Although several instances of disseminated peritoneal and parasitic leiomyoma have been described in the literature, an isolated peritoneal leiomyoma with an essentially normal uterus has been rarely described. One such tumor was reported by Sang et al. ⁴ in a 51-year-old patient. The solid tumor of 18 cm diameter in the peritoneal wall was histologically diagnosed as a benign leiomyoma. The tumor encountered in the patient presented here was similar, because the uterus was normal and no attachment to the uterus was identified. Such isolated tumors in the peritoneum may be derived from smooth-muscle cells or mesenchymal cells in the peritoneum.

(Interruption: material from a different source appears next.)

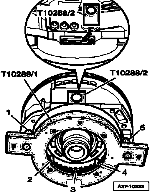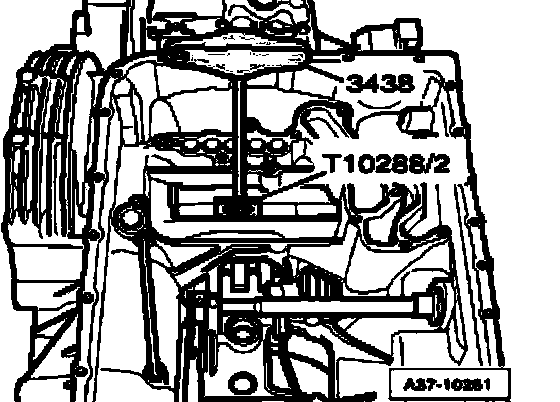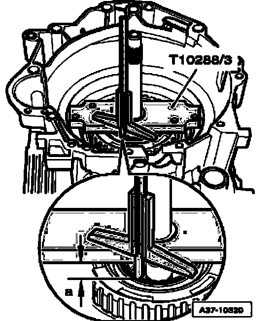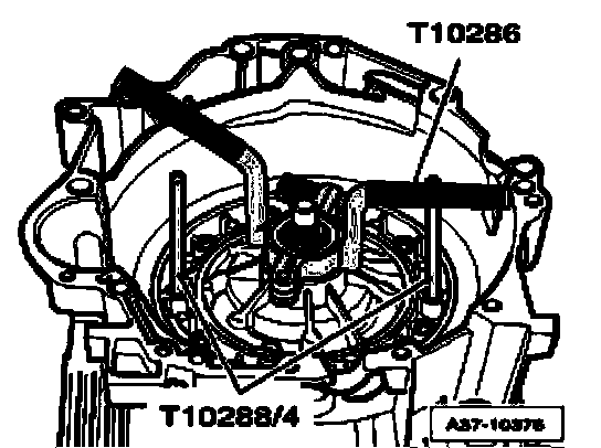 ^ Carefully remove centering tool T10288/3 upward, guide pins T10288/4 remain in transmission housing.

Among other extrauterine leiomyomas, intravenous leiomyomatosis ⁵ is characterized by nodular masses of histologically benign smooth-muscle cells growing within venous channels. Grossly, it is a growth in the myometrium with wormlike extensions within the veins of the broad ligament or the uterine veins. Extensions up to the vena cava have been reported in <10% of cases.

Conclusions

Benign metastasizing leiomyoma ⁵ is a rare condition in which metastatic smooth muscle tumor deposits are seen in the lungs, lymph nodes, and abdomen, and have apparently been derived from benign uterine leiomyomas. Hormone dependence of these tumors is suggested by the finding of estrogen and progesterone receptors in the tumors.

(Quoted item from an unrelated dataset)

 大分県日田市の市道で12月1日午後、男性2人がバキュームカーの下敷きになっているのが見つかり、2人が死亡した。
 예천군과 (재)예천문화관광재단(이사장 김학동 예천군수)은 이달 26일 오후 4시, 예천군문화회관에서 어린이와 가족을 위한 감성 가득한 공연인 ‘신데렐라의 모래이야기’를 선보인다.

Retroperitoneal leiomyomas are mostly (73%) located in the pelvis. They present as retroperitoneal masses, leading to high suspicion of malignancy. Poliquin ⁶ and coworkers found an association between retroperitoneal leiomyomas and uterine leiomyomas or a history of hysterectomy for uterine leiomyomata in 40% of their series of 37 cases. Zaitoon et al. ⁷ suggested the parasitic theory, whereas Kho and Nezhat ⁸ proposed an “iatrogenic” origin for such growths. They found that more parasitic myomas may be created after morcellation techniques.

Leiomyomas of deep soft tissue are diagnosed on the basis of absence of nuclear atypia, necrosis, and minimal mitotic activity. ⁹ They are seen in both males and females. Although they resemble uterine leiomyoma, they are always distinct from the uterus.